To Go Left, Turn Right
If every instinct you have is wrong, then the opposite would have to be right
For the next several weeks, we will republish our favorite “Neutral Ground” columns from this year.
One of the rites of passage in moving to New Orleans is learning how to make a left turn.
This took me several months. When I first moved here, I discovered that many of the major streets—Canal, St. Charles, Poydras—forbid drivers from making left-hand turns, sometimes for blocks at a time. So I kept driving until I could finally make a left, and then I’d weave my way toward my destination on side streets, muttering and cursing. It seemed primitive and aggravating, further evidence of a city designed by traffic engineers with a penchant for torment.
But then someone told me that the way to make a left is simple if counterintuitive: First you make a right. In a few dozens yards there’s invariably a spot you can U-turn and proceed in the direction you want. There are no signs to indicate this, or any special lane markings. It’s just local knowledge. Lots of regions have their own way of making turns—in suburban New Jersey, where I grew up, turning left often involved a jughandle turn—but as with much else in New Orleans, sometimes you need to go the wrong way to go the right way.

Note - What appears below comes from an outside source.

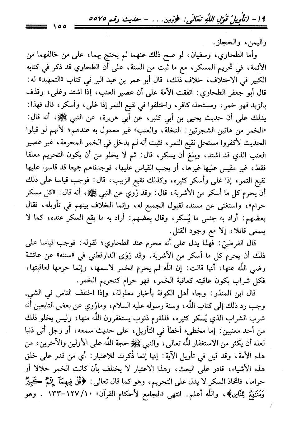 وأما الطحاوي، وسفيان، لو صح ذلك عنهما لم يحتج بهما، عَلَى منْ خالفهما منْ الأئمة، فِي تحريم المسكر، مع ما ثبت منْ السنة، عَلَى أن الطحاوي قد ذكر فِي كتابه الكبير فِي الاختلاف، خلاف ذلك، قَالَ أبو عمر بن عبد البر فِي كتاب "التمهيد" له: قَالَ أبو جعفر الطحاوي: اتفقت الأمة عَلَى أن عصير العنب، إذا اشتد وغلى، وقذف بالزبد فهو خمر، ومستحله كافر، واختلفوا فِي نقيع التمر إذا غلى، وأسكر، قَالَ فهذا: يدلك عَلَى أن حديث يحيى بن أبي كثير، عن أبي هريرة، عن النبيّ -صلى الله عليه وسلم-، أنه قَالَ: "الخمر منْ هاتين الشجرتين: النخلة، والعنب" غير معمول به عندهم؛ لأنهم لو قبلوا الْحَدِيث لأكفروا مستحل نقيع التمر، فثبت أنه لم يدخل فِي الخمر المحرمة، غير عصير العنب الذي قد اشتد، وبلغ أن يسكر، قَالَ: ثم لا يخلو منْ أن يكون التحريم معلقا فقط، غير مقيس عليها غيرها، أو يجب القياس عليها، فوجدناهم جميعاً قد قاسوا عليها نقيع التمر، إذا غلى وأسكر كثيره، وكذلك نقيع الزبيب، قَالَ: فوجب قياسا عَلَى ذلك أن يحرم كل ما أسكر منْ الأشربة، قَالَ: وَقَدْ رُوي عن النبيّ -صلى الله عليه وسلم-، أنه قَالَ: "كل مسكر حرام"، واستغنى عن مسنده لقبول الجميع له، وإنما الخلاف بينهم فِي تأويله، فَقَالَ بعضهم: أراد به جنس ما يُسكر، وَقَالَ بعضهم: أراد به ما يقع السكر عنده، كما لا يسمى قاتلا، إلا مع وجود القتل.
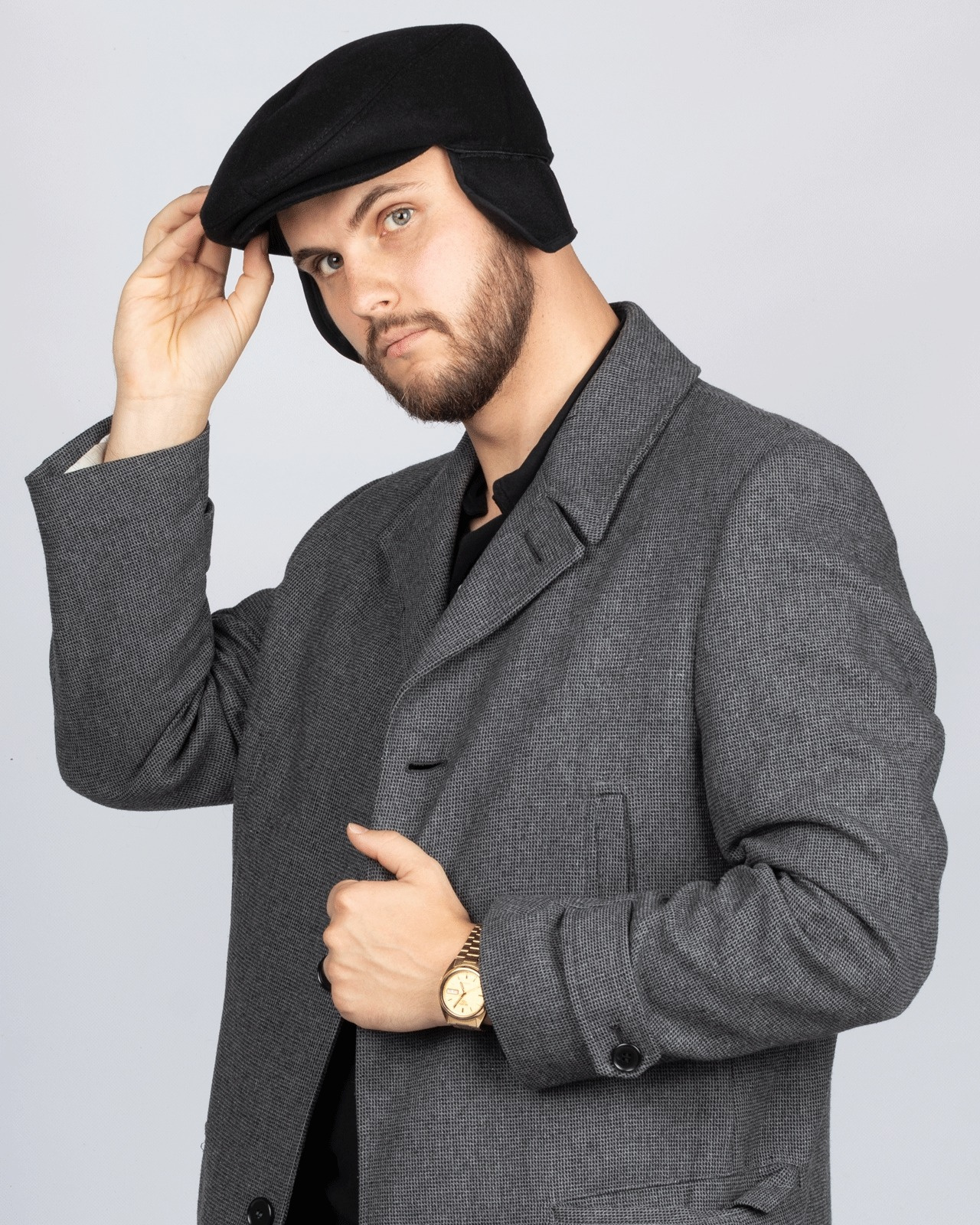 KASZKIET Męski Alessio NAUSZNIKI FLAT CAP Jesień Zima Czapka RETRO

The right-then-left, it turns out, is farsighted and progressive. A few years ago the American Planning Association held its annual meeting in New Orleans, during which I dropped in on a surprisingly engrossing 90-minute panel discussion on how planners were trying to fix left turns worldwide. (Don’t judge.) Significant brainpower has evidently gone into this. Consider: about one in six automobile accidents occurs when drivers are turning left. Left turns also cause bottlenecks, backups, long light cycles (and therefore more carbon emissions). And dedicated left-turn lanes consume untold acres of prime real estate. Fixing the left turn is the urban planner’s equivalent of landing someone on the moon.
At the APA meeting, I learned that going-right-to-turn-left is actually a thing. Developers and traffic planners in new and expanding communities are increasingly embracing this approach. It’s called the “median U-turn” or “boulevard turnaround” or (sometimes) a “Michigan left.” There’s also a variation involving small rotaries known as the “bow-tie left.” This is what I’ve been calling our local maneuver when describing it to visitors because it seems most suited to the city. (There’s also a “seersucker straightaway,” although as yet it’s a term without a definition.)
I like that New Orleans often finds itself in the vanguard simply by adhering to traditions. The St. Charles streetcar line, with its iconic 1920s streetcars, is the oldest continuously operating system of its kind in America. Granted, the cars don’t follow much of a schedule, almost always run in herds or never show up, and are hot in summer and cold in winter. But everybody still loves them and wants one—nearly 50 American cities have brought back streetcar lines in the past 15 years. (Streetcar lines are also expanding here.)
Another trend where New Orleans is ahead of the curve is the woonerf—which means “living street” in Dutch and first arose in Holland in the 1970s. (Also called “naked streets.”) The ideas is that you eliminate sidewalks and traffic lights and other guidance and simply allow cars and walkers to intermingle; eye contact and body language replace traffic signs. Where conditions permit, it’s proven hugely successful. Everybody’s more careful and respectful; accidents drop; traffic flows more smoothly.
Some American communities have lately been testing out this approach, but in my neighborhood, it’s been this way for a long while. Many of the sidewalks hereabouts have been wholly ingested by tropical foliage, or thrust upward by the roots of oaks into great slabs, like something from Caspar David Friedrich’s iceberg paintings. So we often walk in the narrow streets. Cars slow and go around us. We nod. Naked works.
Getting around by car in New Orleans is also fraught with challenges. The entire city seems torn up at the moment with construction projects that are nearly Egyptian in scale. But more so, the earth hereabouts is highly erodible, unstable and given to subsidence. As a result, many streets are rucked and corrugated, and often pocked with landmark-sized potholes. One fissure opened up a few blocks from our house a while back; someone marked it by depositing a queen-sized mattress in it, fully upright. It was scarcely visible, and it remained there for weeks. Communities everywhere employ highly engineered and often expensive “traffic calming” measures to slow cars in residential areas, such as textured surfaces and speed bumps. Here, it’s done through the traditional means of neglect. It’s cheap and effective.
Bug or feature? That’s a question I ask nearly every day. If you want to make a left, you have to go right. If you want to move forward, you move back. Sometimes what you least desire is actually what you most want.
There’s a local bumper sticker I used to see: “New Orleans: So Far Behind We’re Ahead.” I don’t see it as much these days, and this causes me a small amount of anxiety. Can left-turn lanes be next?